**What you should do:**
Retype the listing found below exactly, but leave out each picture.
%%
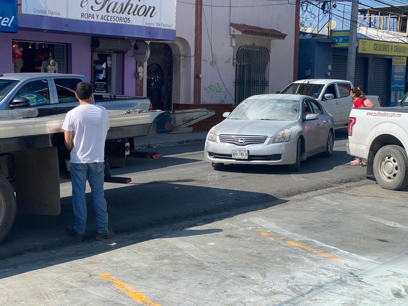 Cadereyta N.L.- Este lunes por la tarde, un vehículo se incendió en el centro de Cadereyta, específicamente en la calle 20 de Noviembre, antes de llegar al cruce con la calle Gonzalitos. Según testigos, la persona dueña del vehículo se encontraba comprando pinturas con su familia en un local cercano, cuando el vehículo comenzó a tirar humo y posteriormente ardió en llamas.
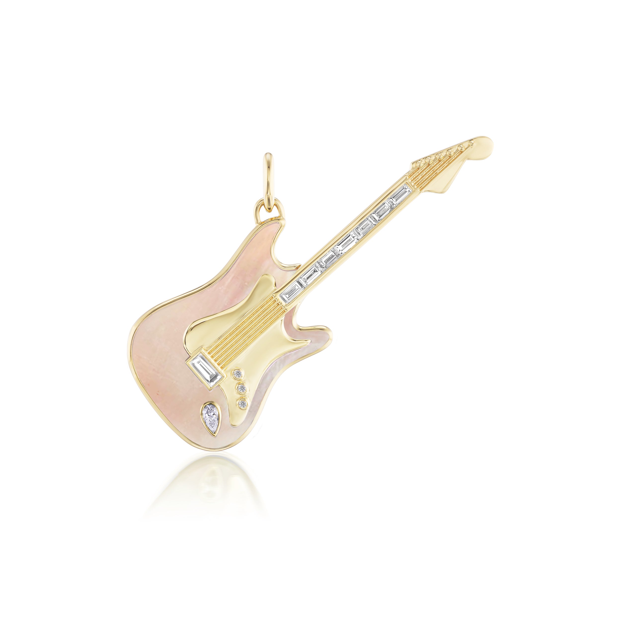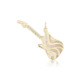 Handcrafted 18k yellow gold guitar pendant with 10.70 ctw carved pink mother of pearl inlay, 0.15 cttw sapphire, and 0.50 cttw G-H/SI diamonds. 54 mm x 20 mm. Pendant only.
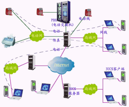 3UCS秉承便捷溝通、高效辦公之理念,將企業(yè)語音通訊、數(shù)字通訊整合在同一通訊線上,將電話交換機(jī)功能延伸至IP網(wǎng)絡(luò),電話與傳真線路共享,有效利用線路資源,無縫連接三個網(wǎng)絡(luò)(電話網(wǎng)、局域網(wǎng)、因特網(wǎng)),將電話交換機(jī)、傳真服務(wù)、消息等功能集于一身, 利用現(xiàn)有的局域網(wǎng)、因特網(wǎng)接打電話,收發(fā)傳真。
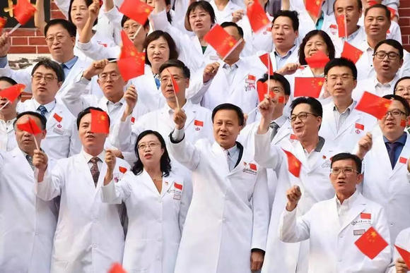 在开云下注(中国)官网医学部红楼门前,一场《歌唱祖国》大合唱正在举行。院领导与近百位各专科主任、教授等挥舞着手中的国旗,嘹亮有力的歌声响彻整个校园。
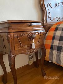 Vendo camera da letto completa composta da: •2 comodini •letto (senza rete e materasso) •comò grande con specchio Sono mobili in legno massello, con intagli fatti a mano, in stile veneziano classico. Hanno qualche anno ma sono tenuti bene e fanno ancora la loro figura. Li vendo perché sto cambiando arredamento. Presentano solo normali segni del tempo Ideali se ti piace lo stile classico/antico/ vintage e cerchi qualcosa di solido e non roba moderna “leggera”. Ritiro a mano. Scrivimi pure per info
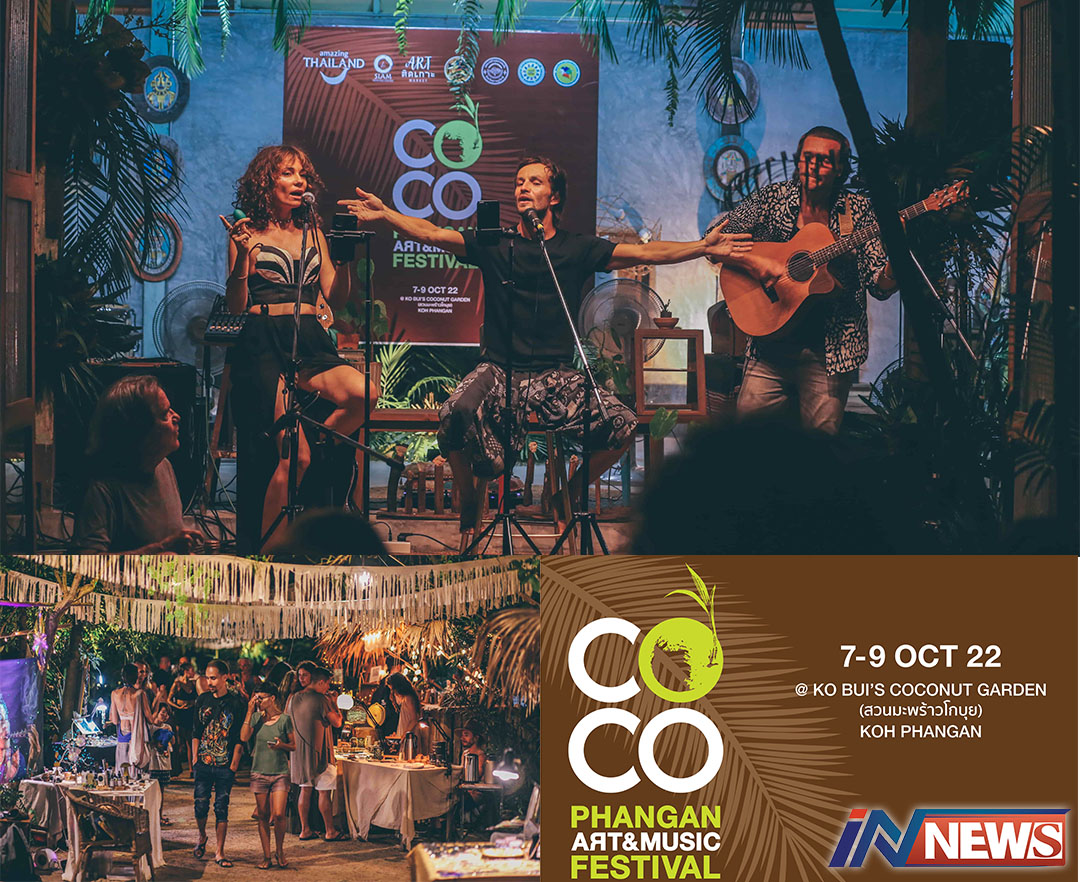 สุราษฏร์ธานี-เกาะพะงัน สุราษฎร์ธานี เปิดตัวโครงการ “COCO Phangan Art & Music Festival” เทศกาลศิลปะและดนตรีในสวนมะพร้าว เชิญชวนนักท่องเที่ยวไทยและชาวต่างชาติสัมผัสประสบการณ์ท่องเที่ยวแนวใหม่ร่วมเสพงานศิลปะ ดนตรี และวิถีท้องถิ่น หนุนปลุกกระแสท่องเที่ยวและเศรษฐกิจชุมชนให้กลับมาสดใสอีกครั้ง งานจัดขึ้นในวันที่ 7-9 ตุลาคม 2565 นี้ ที่ เกาะพะงัน จังหวัดสุราษฎร์ธานี
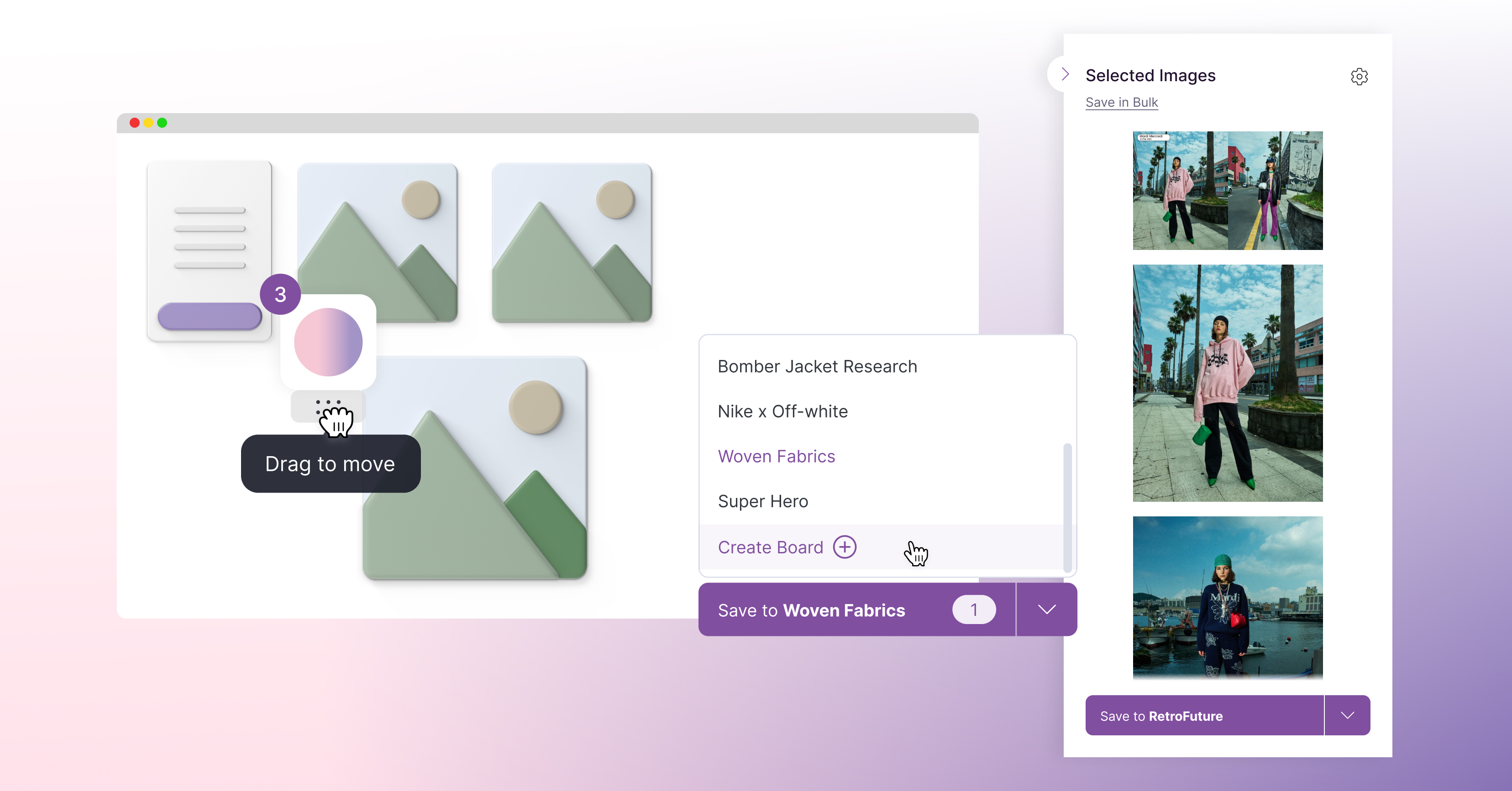 - When you collapse the side panel, you can now drag the icon around as you continue to select images across web pages. This will provide more flexibility when you save references at scale.
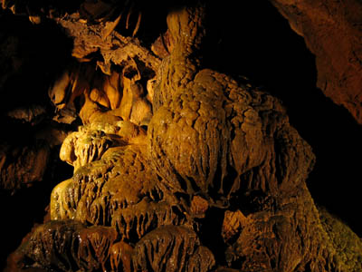 This is a good example of the bulbous canopies that characterize the first part of Ondal Cave. The top of this canopy is very uneven and irregular. It looks like a number of smaller canopies melded together. Either that or rivulets of water continued to flow across the canopy, digging thin channels in the rock.
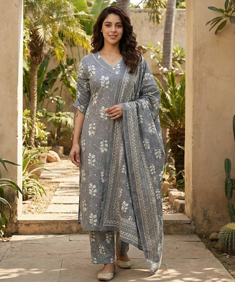 • Product Id : 4723448 • Package Details : 1 Kurta /1 Trouser / 1 Dupatta • Type : Kurta Sets • Work : Printed • Type : Floral Print • Sleeve : Quarter Sleeve • Neck Style : V Neck • Color : Grey • Fabric : Pure Cotton • Stitching : Stitched • Length : 46.0 Payments [+]
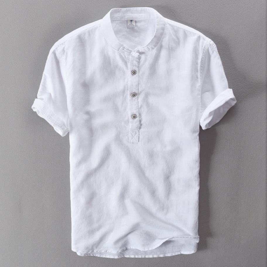 High Quality Men's Casual Shirts Solid Pattern Linen/Cotton Breathable Quick Dry Summer Fashion Single Button Closure
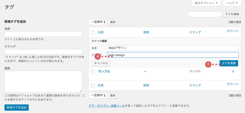 タグはカテゴリとよく似ているが、親子関係を持たせることはできない。
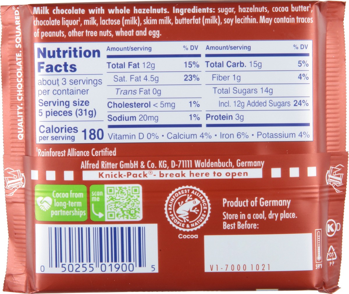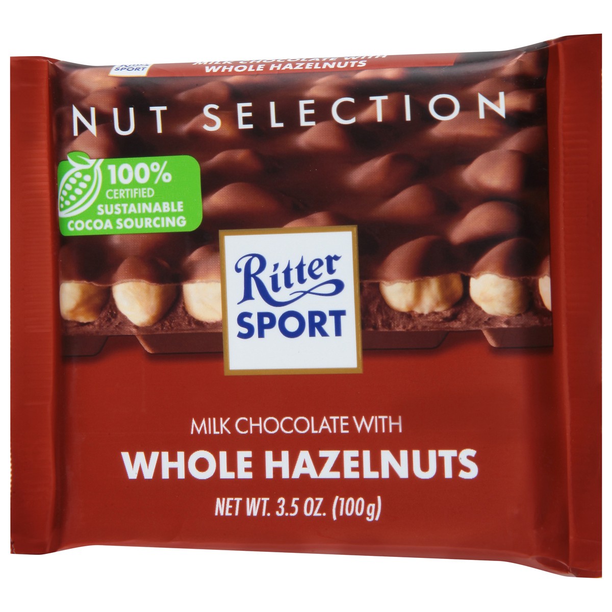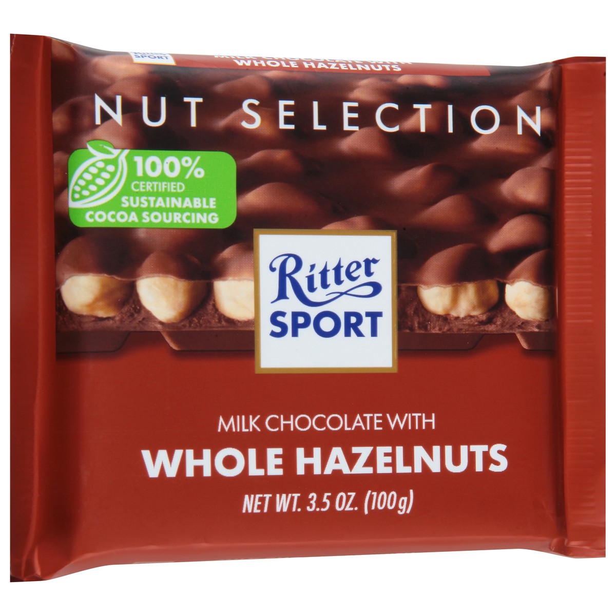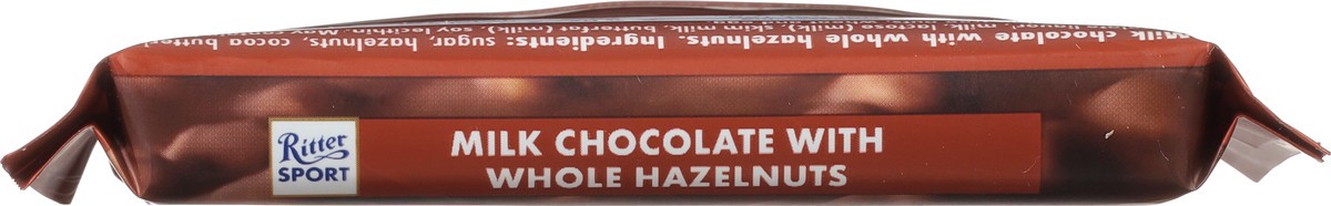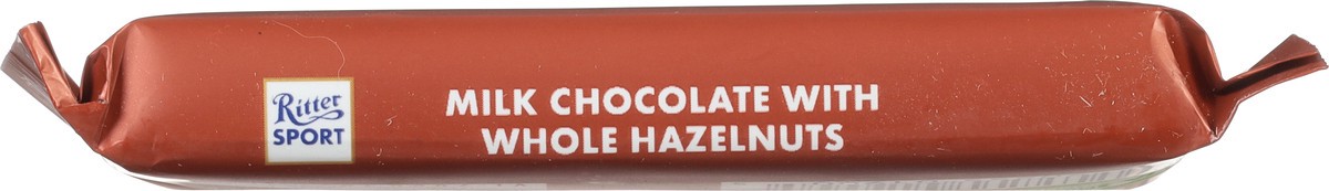 Ritter Sport Milk Chocolate (30% Cocoa) with Whole Hazelnuts. FOR BITERS. NOT FOR SUCKERS. Whole crunchy roasted hazelnuts from Turkey, chosen specifically for their 11-13 millimeter diameter, are ful…
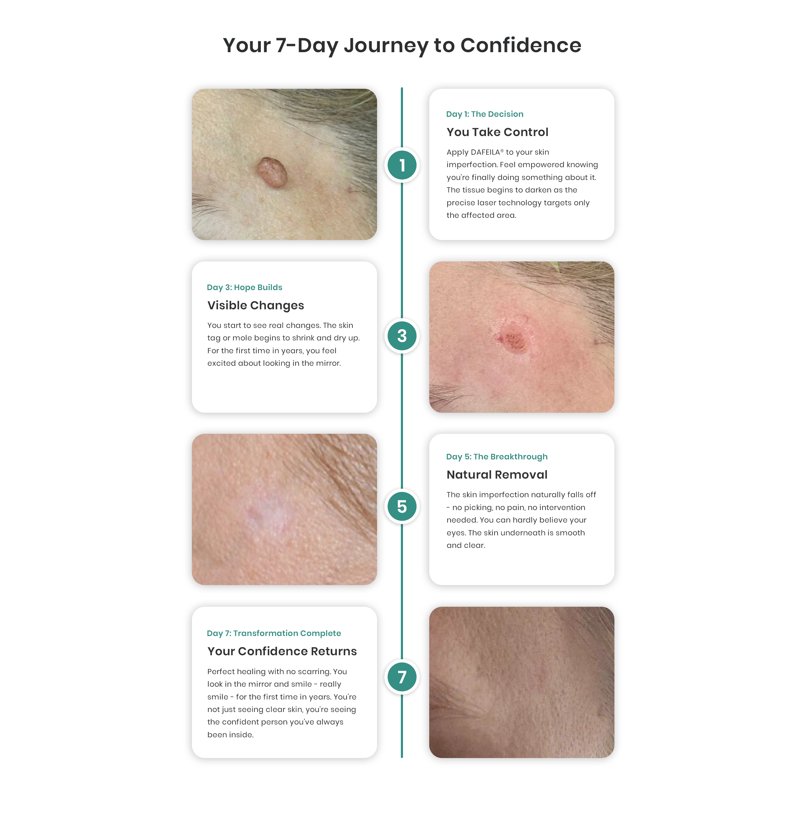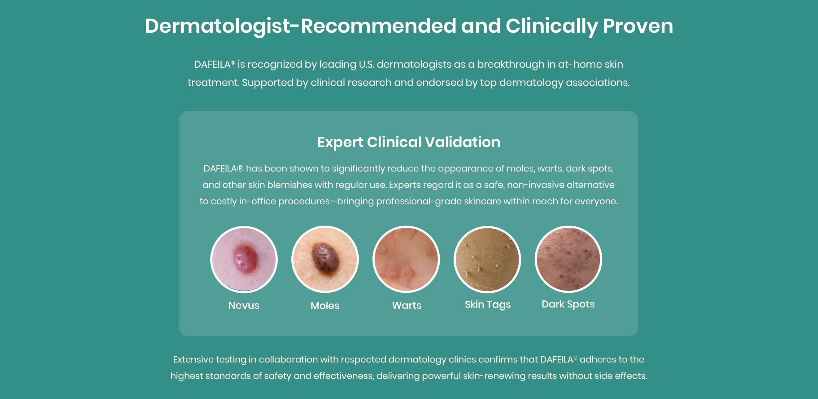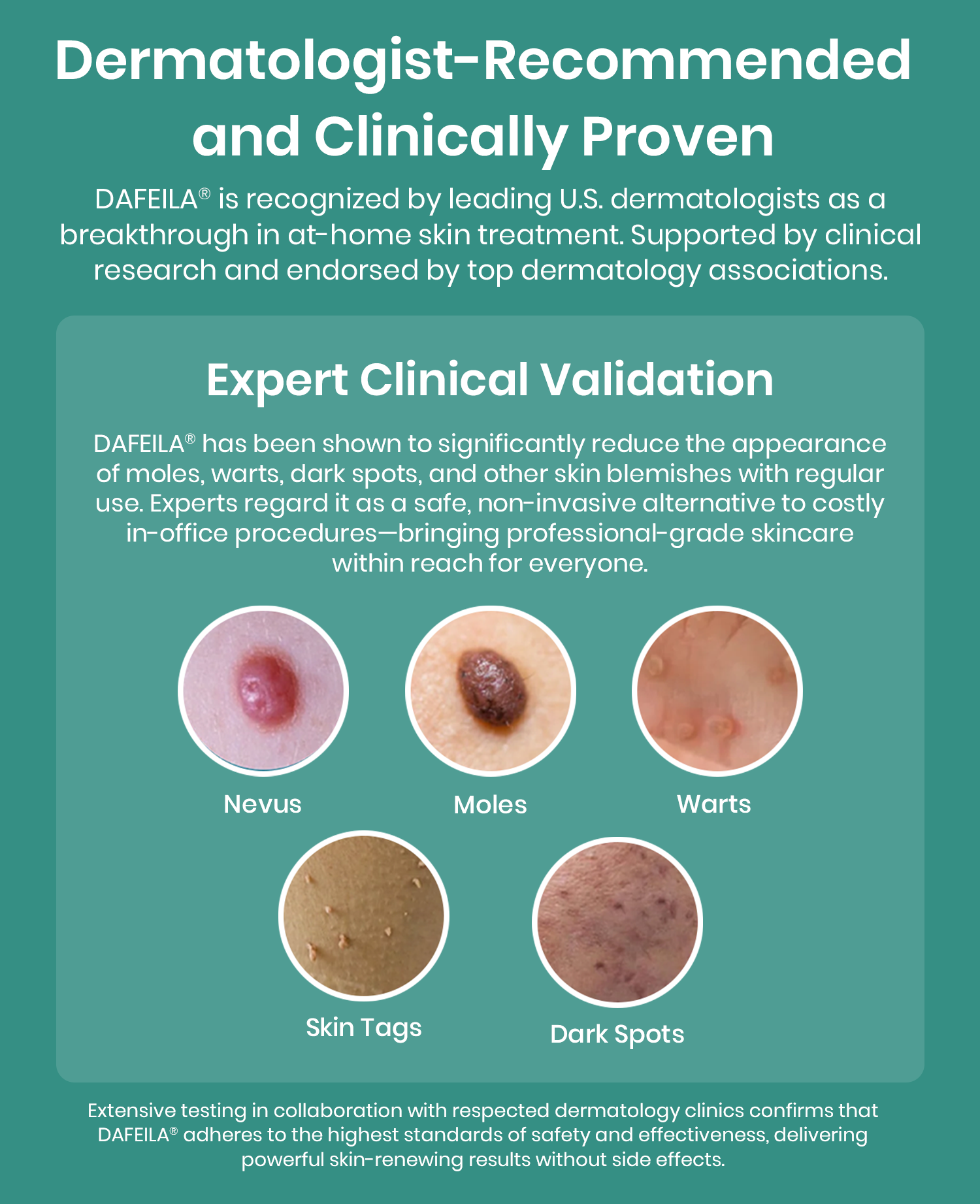 • DAFEILA® is recognized by leading U.S. dermatologists as a breakthrough in at-home skin treatment. Supported by clinical research and endorsed by top dermatology associations, DAFEILA® has been shown to significantly reduce the appearance of moles, warts, dark spots, and other skin blemishes with regular use. Experts regard it as a safe, non-invasive alternative to costly in-office procedures—bringing professional-grade skincare within reach for everyone.
%%
**Reply:**
 Cadereyta N.L.- Este lunes por la tarde, un vehículo se incendió en el centro de Cadereyta, específicamente en la calle 20 de Noviembre, antes de llegar al cruce con la calle Gonzalitos. Según testigos, la persona dueña del vehículo se encontraba comprando pinturas con su familia en un local cercano, cuando el vehículo comenzó a tirar humo y posteriormente ardió en llamas.
 Handcrafted 18k yellow gold guitar pendant with 10.70 ctw carved pink mother of pearl inlay, 0.15 cttw sapphire, and 0.50 cttw G-H/SI diamonds. 54 mm x 20 mm. Pendant only.
 3UCS秉承便捷溝通、高效辦公之理念,將企業(yè)語音通訊、數(shù)字通訊整合在同一通訊線上,將電話交換機(jī)功能延伸至IP網(wǎng)絡(luò),電話與傳真線路共享,有效利用線路資源,無縫連接三個網(wǎng)絡(luò)(電話網(wǎng)、局域網(wǎng)、因特網(wǎng)),將電話交換機(jī)、傳真服務(wù)、消息等功能集于一身, 利用現(xiàn)有的局域網(wǎng)、因特網(wǎng)接打電話,收發(fā)傳真。
 在开云下注(中国)官网医学部红楼门前,一场《歌唱祖国》大合唱正在举行。院领导与近百位各专科主任、教授等挥舞着手中的国旗,嘹亮有力的歌声响彻整个校园。
 Vendo camera da letto completa composta da: •2 comodini •letto (senza rete e materasso) •comò grande con specchio Sono mobili in legno massello, con intagli fatti a mano, in stile veneziano classico. Hanno qualche anno ma sono tenuti bene e fanno ancora la loro figura. Li vendo perché sto cambiando arredamento. Presentano solo normali segni del tempo Ideali se ti piace lo stile classico/antico/ vintage e cerchi qualcosa di solido e non roba moderna “leggera”. Ritiro a mano. Scrivimi pure per info
 สุราษฏร์ธานี-เกาะพะงัน สุราษฎร์ธานี เปิดตัวโครงการ “COCO Phangan Art & Music Festival” เทศกาลศิลปะและดนตรีในสวนมะพร้าว เชิญชวนนักท่องเที่ยวไทยและชาวต่างชาติสัมผัสประสบการณ์ท่องเที่ยวแนวใหม่ร่วมเสพงานศิลปะ ดนตรี และวิถีท้องถิ่น หนุนปลุกกระแสท่องเที่ยวและเศรษฐกิจชุมชนให้กลับมาสดใสอีกครั้ง งานจัดขึ้นในวันที่ 7-9 ตุลาคม 2565 นี้ ที่ เกาะพะงัน จังหวัดสุราษฎร์ธานี
 - When you collapse the side panel, you can now drag the icon around as you continue to select images across web pages. This will provide more flexibility when you save references at scale.
 This is a good example of the bulbous canopies that characterize the first part of Ondal Cave. The top of this canopy is very uneven and irregular. It looks like a number of smaller canopies melded together. Either that or rivulets of water continued to flow across the canopy, digging thin channels in the rock.
 • Product Id : 4723448 • Package Details : 1 Kurta /1 Trouser / 1 Dupatta • Type : Kurta Sets • Work : Printed • Type : Floral Print • Sleeve : Quarter Sleeve • Neck Style : V Neck • Color : Grey • Fabric : Pure Cotton • Stitching : Stitched • Length : 46.0 Payments [+]
 High Quality Men's Casual Shirts Solid Pattern Linen/Cotton Breathable Quick Dry Summer Fashion Single Button Closure
 タグはカテゴリとよく似ているが、親子関係を持たせることはできない。
 Ritter Sport Milk Chocolate (30% Cocoa) with Whole Hazelnuts. FOR BITERS. NOT FOR SUCKERS. Whole crunchy roasted hazelnuts from Turkey, chosen specifically for their 11-13 millimeter diameter, are ful…
 • DAFEILA® is recognized by leading U.S. dermatologists as a breakthrough in at-home skin treatment. Supported by clinical research and endorsed by top dermatology associations, DAFEILA® has been shown to significantly reduce the appearance of moles, warts, dark spots, and other skin blemishes with regular use. Experts regard it as a safe, non-invasive alternative to costly in-office procedures—bringing professional-grade skincare within reach for everyone.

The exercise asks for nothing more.